Dataset excerpts:
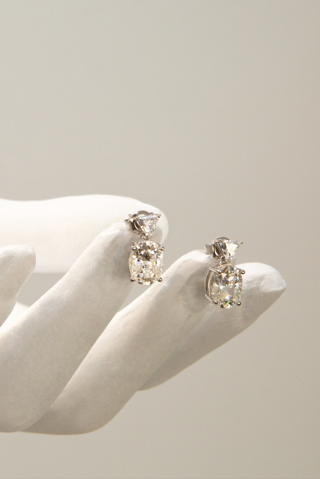 Round brilliant άχρωμα σκουλαρίκια μοϊσανίτη, σε σκελετό από ασήμι 925. GM: 3,15 Καράτια Βάρος: 2,00
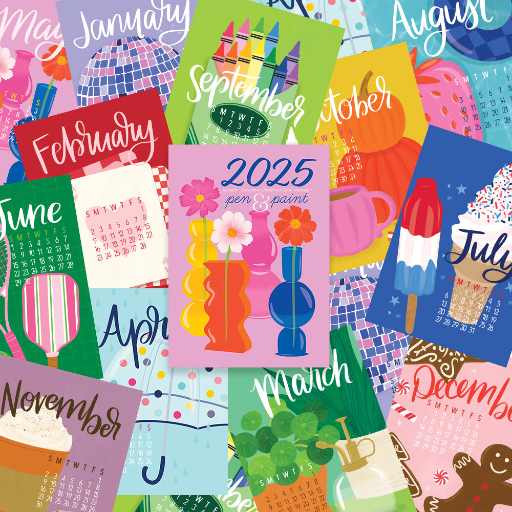 2025 DOUBLE SIDED Refill Pen & Paint Illustrated Calendar
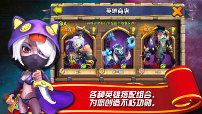 -独创的英雄玩法:游戏中超过20个各具特色的英雄等待各位领主的召唤,玩家通过招募、升级进阶、技能升级、刷新天赋打造自己的专属强力英雄。玩家带领英雄参加闯关副本、PVP掠夺战、竞技场证明自己英雄的实力。
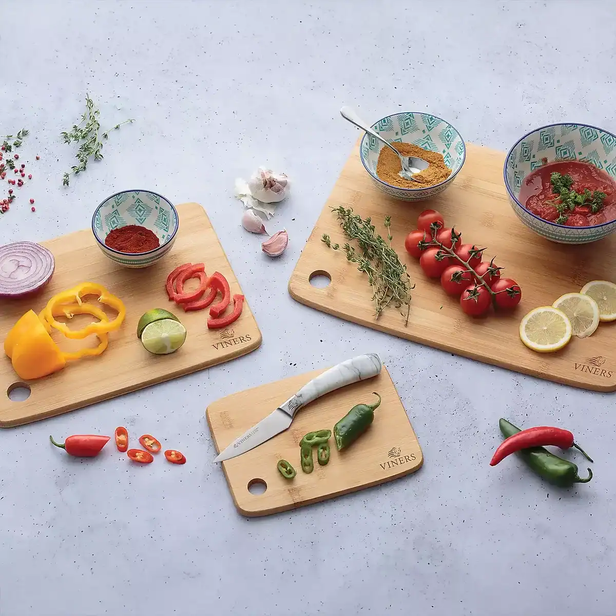 Upgrade your food-preparation routine with this Viners set of three bamboo chopping boards.
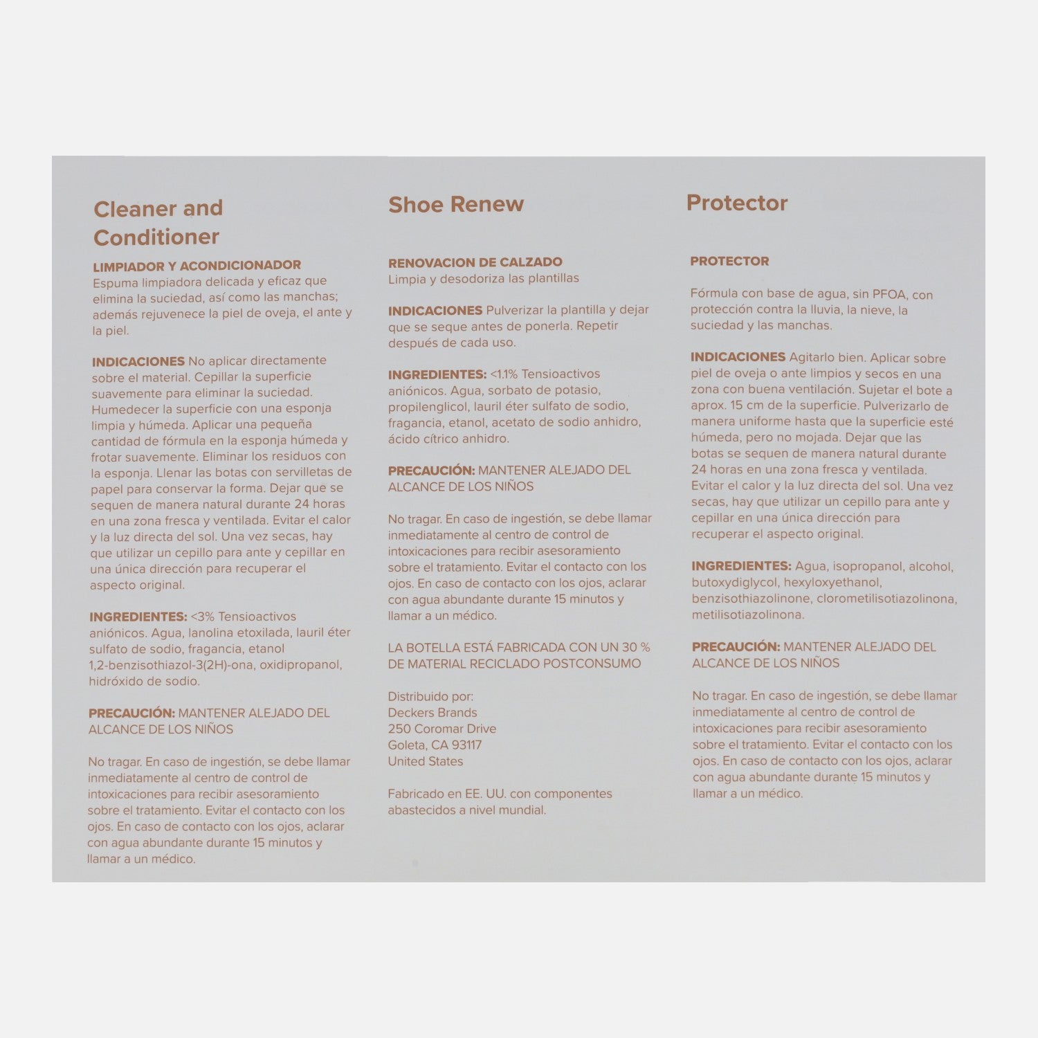 Kit de cuidado y limpieza para tus botas UGG modelo 1171598. Incluye limpiador/acondicionador, protector para la lluvia y las manchas, spray renovador desodorante. Además incluye un cepillo con asa de bambú y un eliminador de rozaduras para ante.
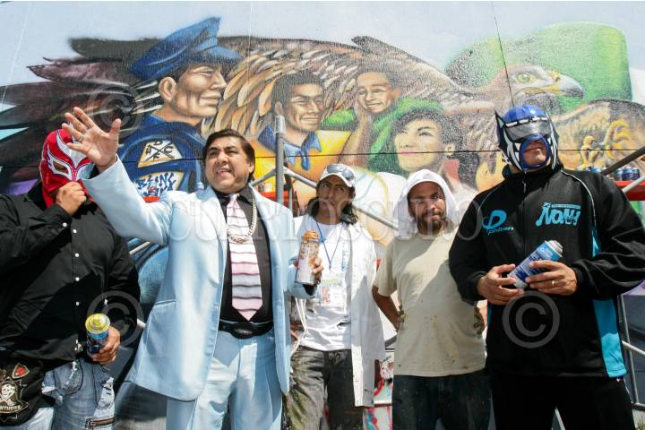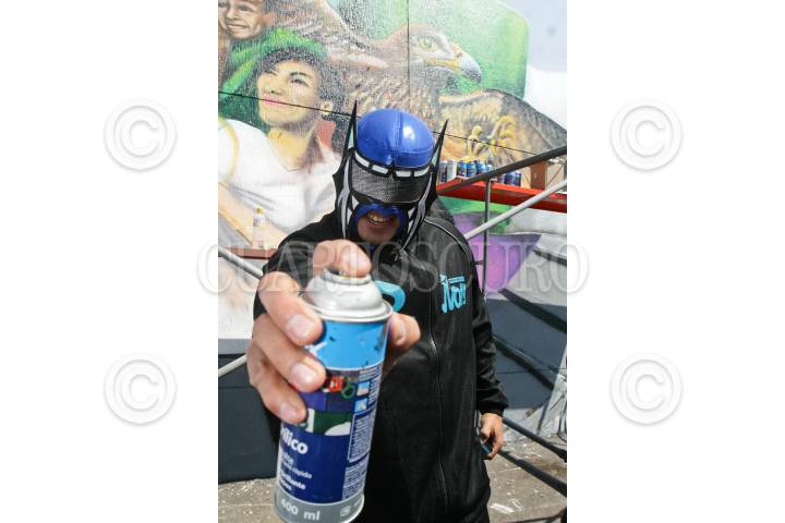 MÉXICO, D.F., 15FEBRERO2009.- El luchador Abismo Negro visitó el estacionamiento del Estadio Azteca, donde cientos de jóvenes participan en el Segundo Megaconcurso de Graffiti, organizado por autoridades del gobierno del Distrito Federal. FOTO: ISAAC ESQUIVEL/CUARTOSCURO.COM
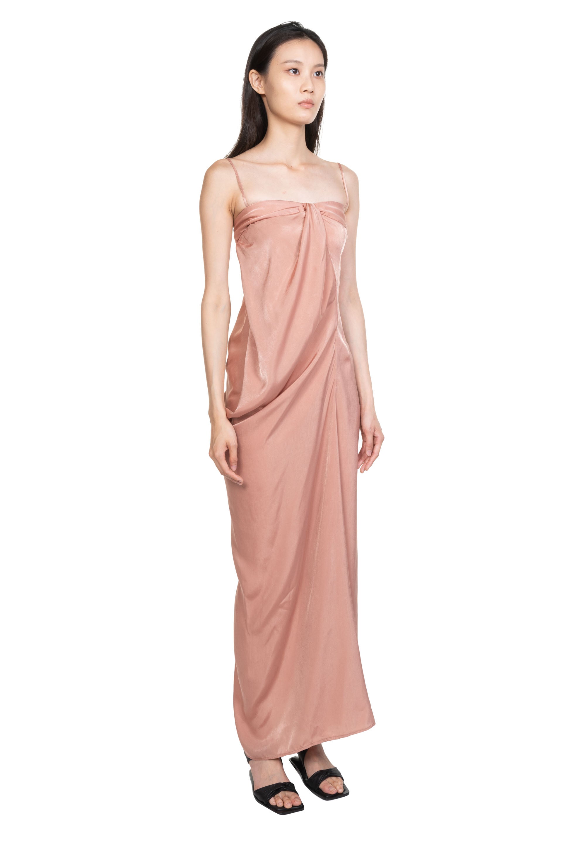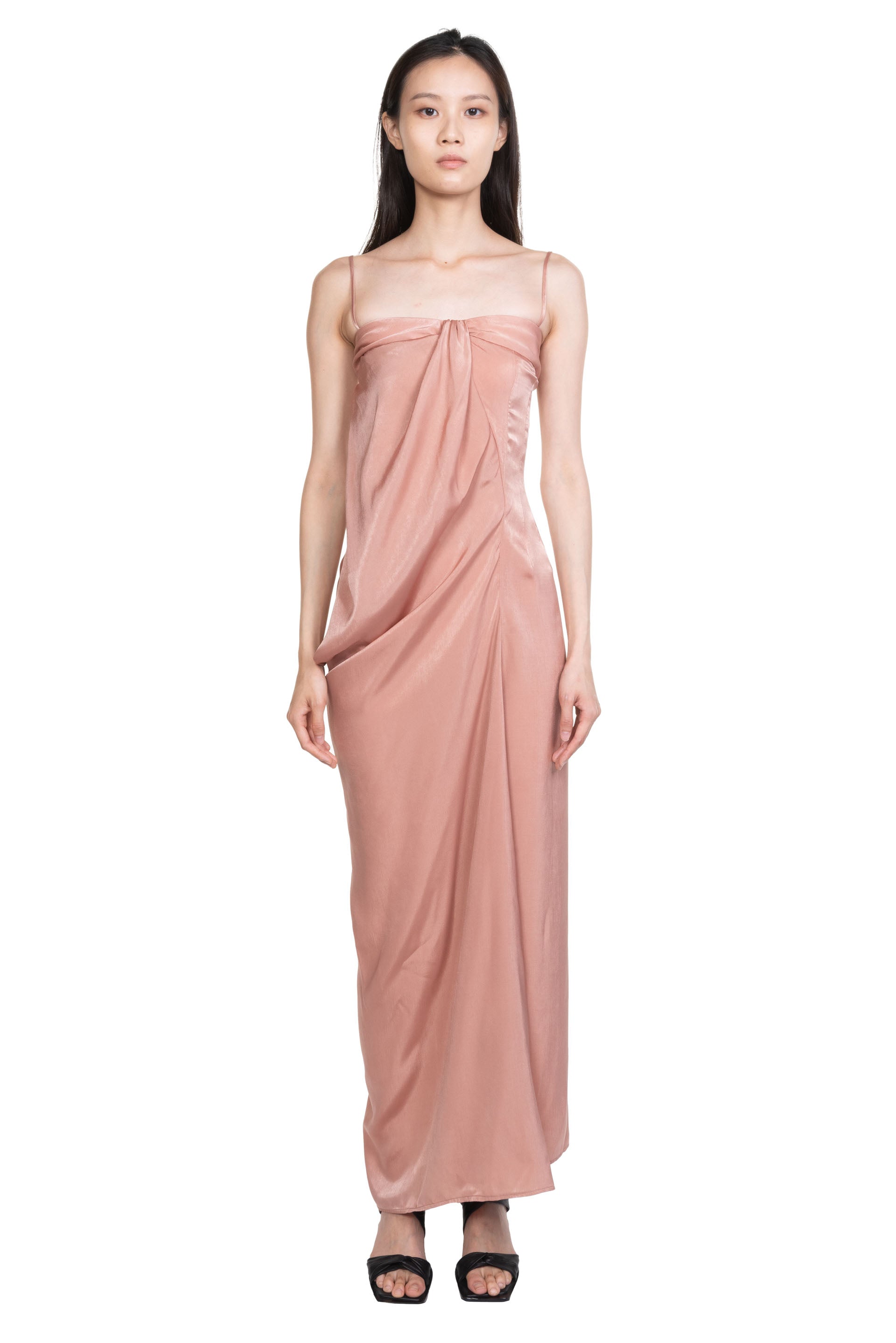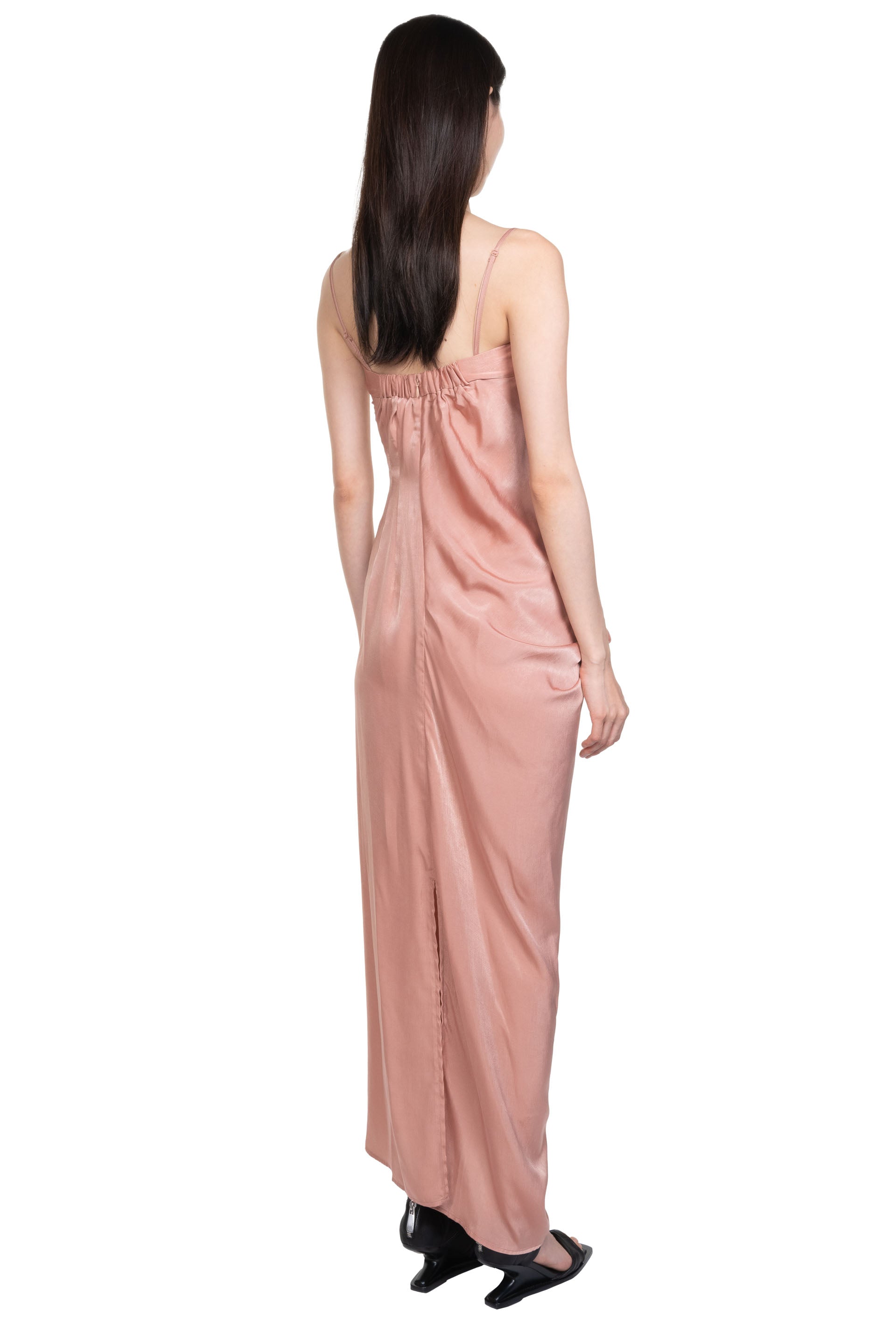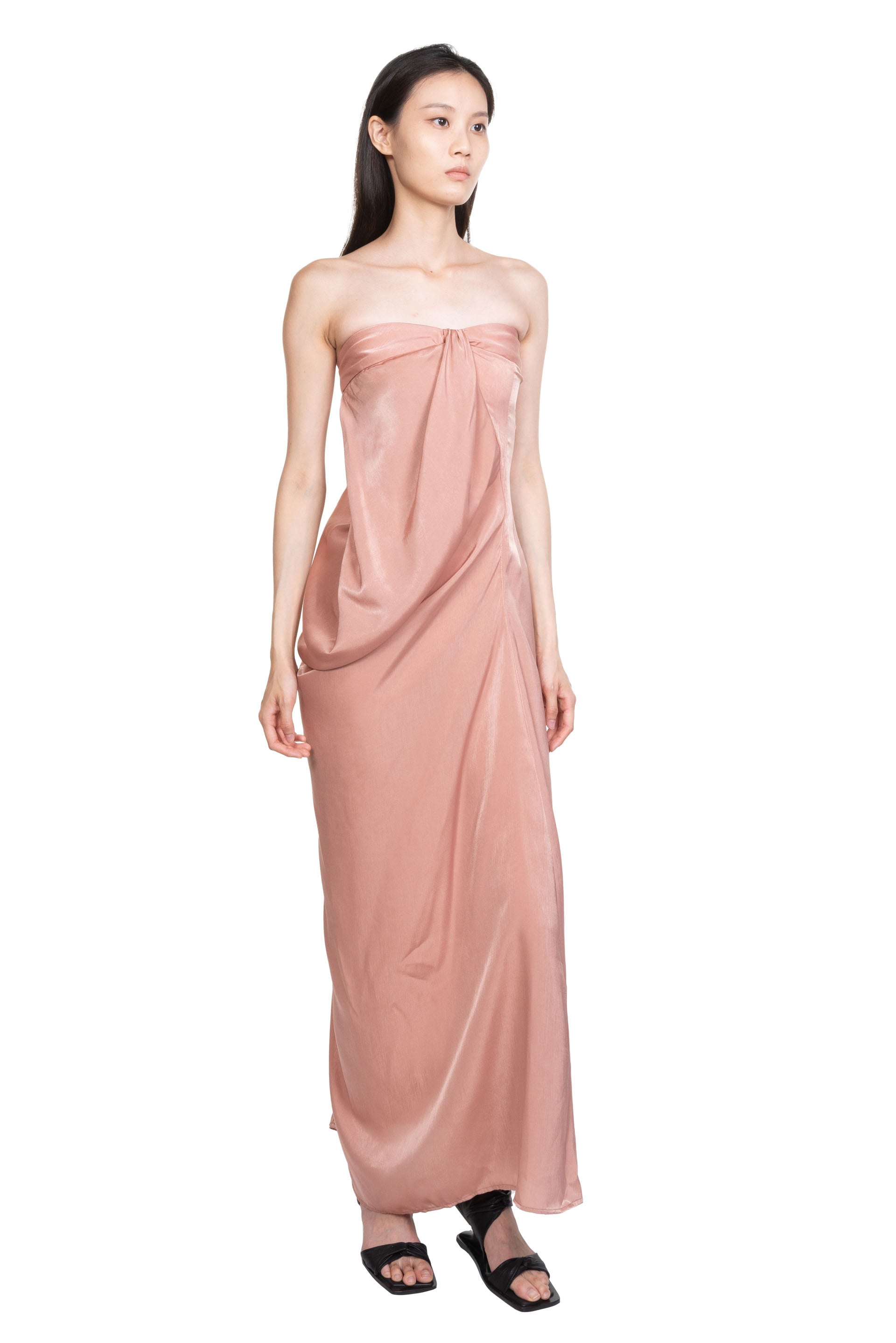 OUDE WAAG strikes a balance between Asian aesthetics and Western cutting. It is at the heart of designer’s philosophy: celebrating the power of women, yet simultaneously critiquing the ongoing objectification and idealisation of the body as you can see in the Oude Waag "Burn" collection with the Asymmetric Draped Dress Shell Pink.
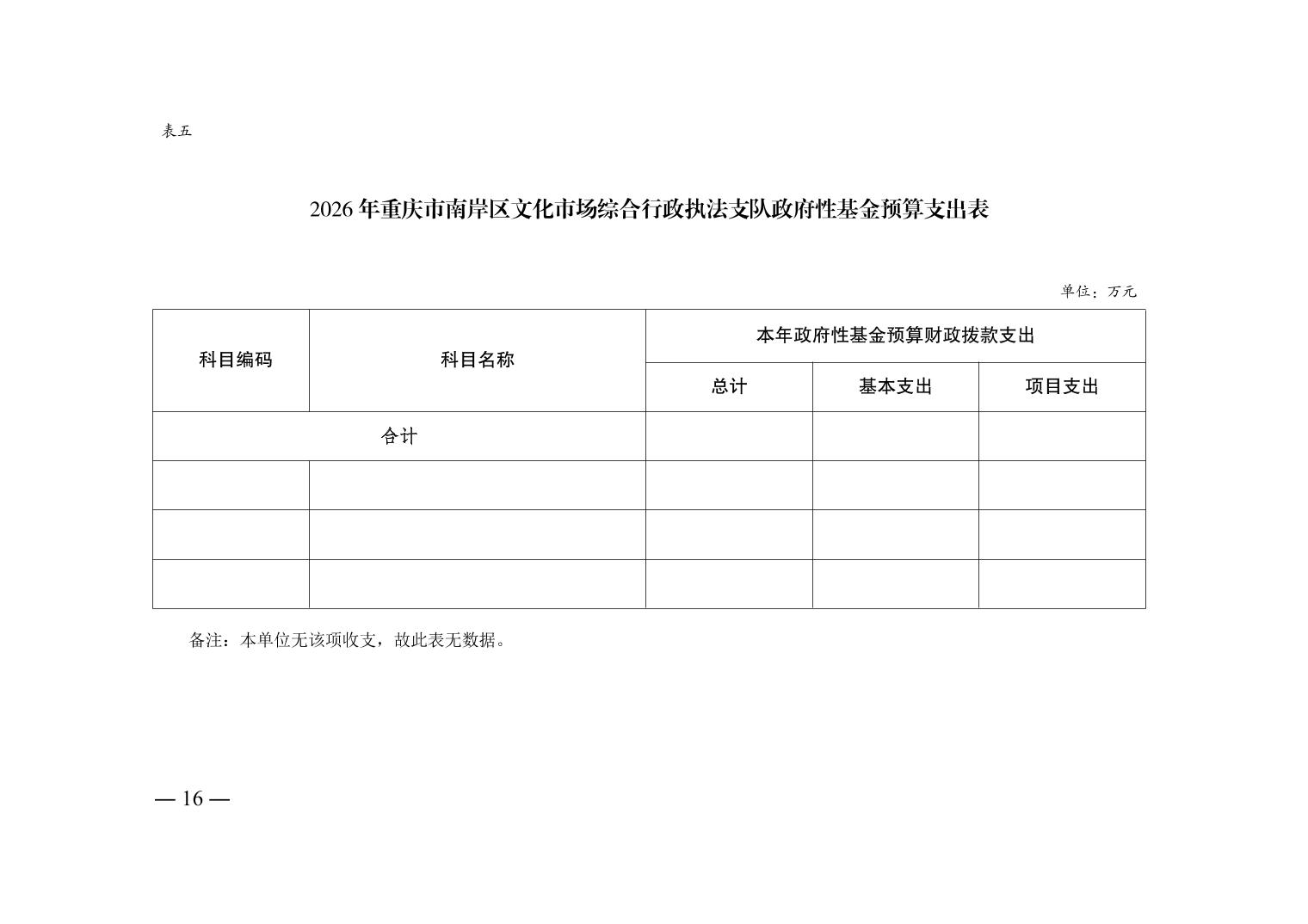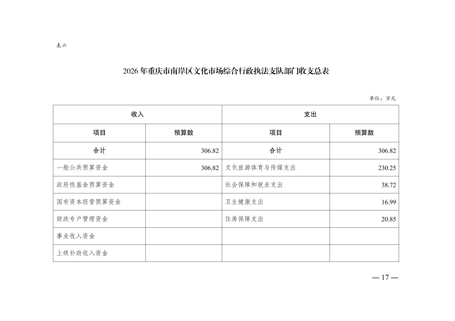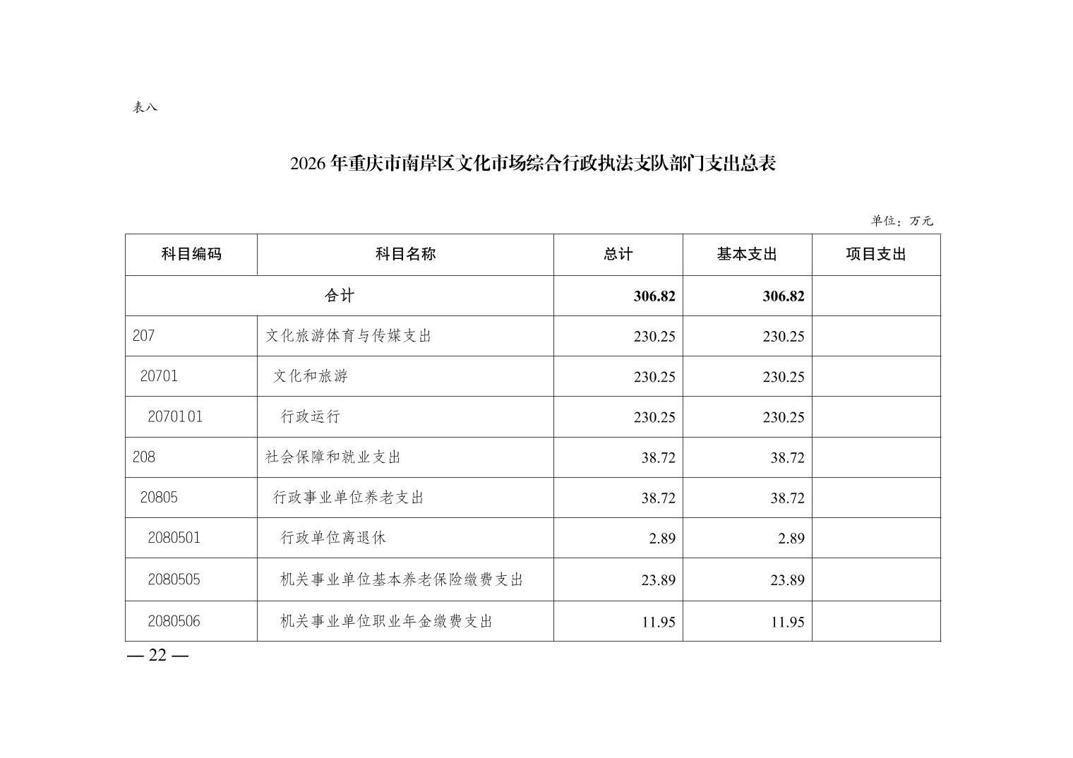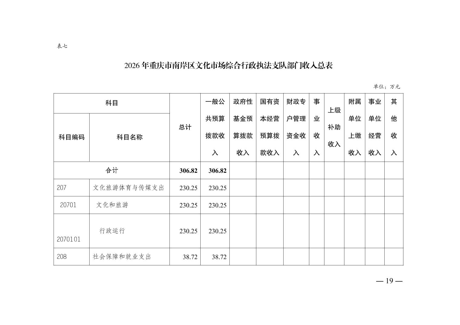 重庆市南岸区文化市场综合行政执法支队2026年单位预算情况说明

What the task asks:
Up to and including the line with "Kit de cuidado", repeat every line from the top of the entries exactly, but not the pictures.

Answer for the task:
 Round brilliant άχρωμα σκουλαρίκια μοϊσανίτη, σε σκελετό από ασήμι 925. GM: 3,15 Καράτια Βάρος: 2,00
 2025 DOUBLE SIDED Refill Pen & Paint Illustrated Calendar
 -独创的英雄玩法:游戏中超过20个各具特色的英雄等待各位领主的召唤,玩家通过招募、升级进阶、技能升级、刷新天赋打造自己的专属强力英雄。玩家带领英雄参加闯关副本、PVP掠夺战、竞技场证明自己英雄的实力。
 Upgrade your food-preparation routine with this Viners set of three bamboo chopping boards.
 Kit de cuidado y limpieza para tus botas UGG modelo 1171598. Incluye limpiador/acondicionador, protector para la lluvia y las manchas, spray renovador desodorante. Además incluye un cepillo con asa de bambú y un eliminador de rozaduras para ante.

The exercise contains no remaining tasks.